**Information supplied:**

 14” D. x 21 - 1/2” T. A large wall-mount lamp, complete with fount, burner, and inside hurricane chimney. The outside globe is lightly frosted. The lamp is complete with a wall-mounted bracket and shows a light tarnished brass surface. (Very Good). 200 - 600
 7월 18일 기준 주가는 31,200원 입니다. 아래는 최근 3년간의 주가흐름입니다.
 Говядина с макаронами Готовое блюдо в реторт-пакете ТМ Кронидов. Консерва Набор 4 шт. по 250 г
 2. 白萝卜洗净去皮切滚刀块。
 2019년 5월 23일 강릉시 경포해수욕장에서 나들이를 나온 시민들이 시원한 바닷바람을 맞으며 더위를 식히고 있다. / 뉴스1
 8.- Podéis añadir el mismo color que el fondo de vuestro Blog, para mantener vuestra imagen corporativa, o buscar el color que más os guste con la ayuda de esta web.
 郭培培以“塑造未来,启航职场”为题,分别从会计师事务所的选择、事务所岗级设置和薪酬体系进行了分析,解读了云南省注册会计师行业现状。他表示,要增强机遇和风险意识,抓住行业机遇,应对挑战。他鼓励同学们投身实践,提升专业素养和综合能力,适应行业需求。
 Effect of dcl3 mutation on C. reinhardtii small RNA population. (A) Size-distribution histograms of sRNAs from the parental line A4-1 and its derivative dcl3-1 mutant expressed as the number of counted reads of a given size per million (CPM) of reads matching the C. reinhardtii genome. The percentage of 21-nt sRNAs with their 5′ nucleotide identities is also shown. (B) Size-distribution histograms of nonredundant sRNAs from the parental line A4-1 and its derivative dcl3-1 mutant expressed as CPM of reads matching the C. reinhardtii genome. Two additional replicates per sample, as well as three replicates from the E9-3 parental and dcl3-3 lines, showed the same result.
--
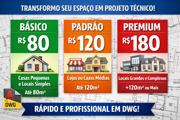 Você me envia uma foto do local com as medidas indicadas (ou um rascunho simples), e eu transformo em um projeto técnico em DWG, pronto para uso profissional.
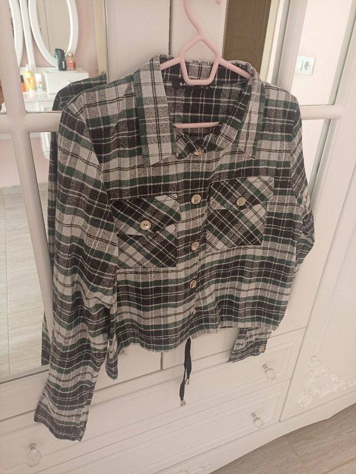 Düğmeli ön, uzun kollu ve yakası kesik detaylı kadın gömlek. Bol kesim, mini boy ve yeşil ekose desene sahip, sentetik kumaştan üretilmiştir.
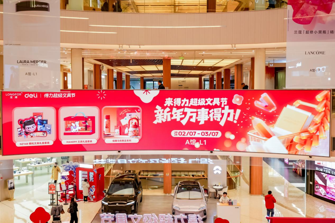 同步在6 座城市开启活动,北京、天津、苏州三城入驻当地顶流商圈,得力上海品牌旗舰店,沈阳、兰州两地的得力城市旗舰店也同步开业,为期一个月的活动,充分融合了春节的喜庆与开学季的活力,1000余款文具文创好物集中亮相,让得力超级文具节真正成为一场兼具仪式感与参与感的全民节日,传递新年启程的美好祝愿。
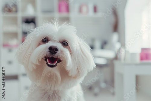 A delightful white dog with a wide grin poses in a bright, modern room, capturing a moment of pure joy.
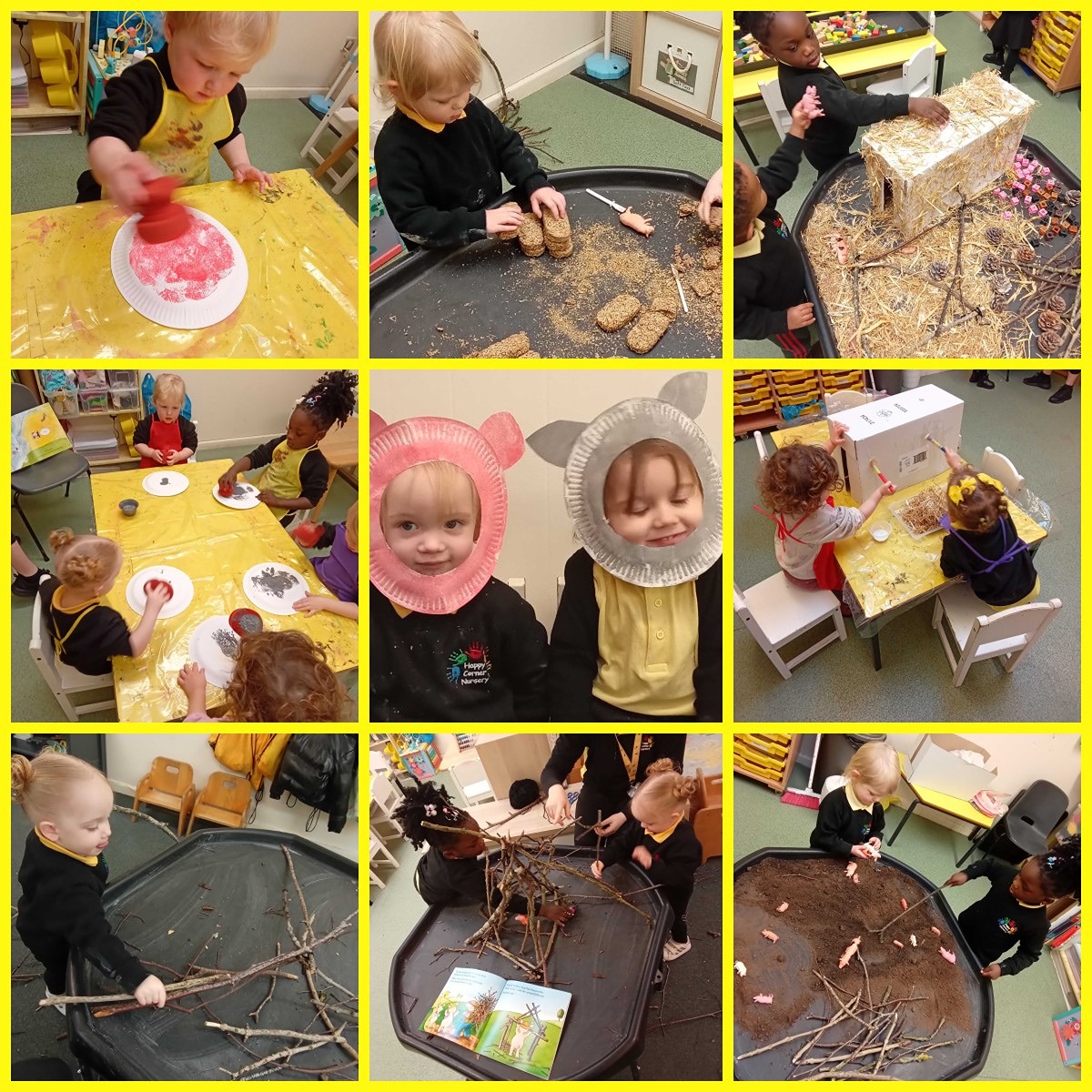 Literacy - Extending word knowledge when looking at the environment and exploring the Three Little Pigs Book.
...
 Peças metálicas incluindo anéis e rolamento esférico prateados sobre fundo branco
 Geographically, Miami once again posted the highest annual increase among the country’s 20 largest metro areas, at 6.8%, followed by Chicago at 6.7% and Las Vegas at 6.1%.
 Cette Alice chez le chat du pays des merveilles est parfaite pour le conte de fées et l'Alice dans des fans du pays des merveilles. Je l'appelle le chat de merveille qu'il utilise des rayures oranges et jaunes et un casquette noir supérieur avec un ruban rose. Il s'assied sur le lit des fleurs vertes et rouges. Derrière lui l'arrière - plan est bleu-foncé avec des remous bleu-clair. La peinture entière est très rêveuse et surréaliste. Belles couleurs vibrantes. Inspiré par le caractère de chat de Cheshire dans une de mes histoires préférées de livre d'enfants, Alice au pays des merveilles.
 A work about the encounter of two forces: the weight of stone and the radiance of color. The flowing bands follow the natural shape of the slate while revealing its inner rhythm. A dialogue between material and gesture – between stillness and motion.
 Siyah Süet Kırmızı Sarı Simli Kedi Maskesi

**What is expected:**
How many of the lines above contain the string "color"? Give the number only.

**Solution to this problem:**
2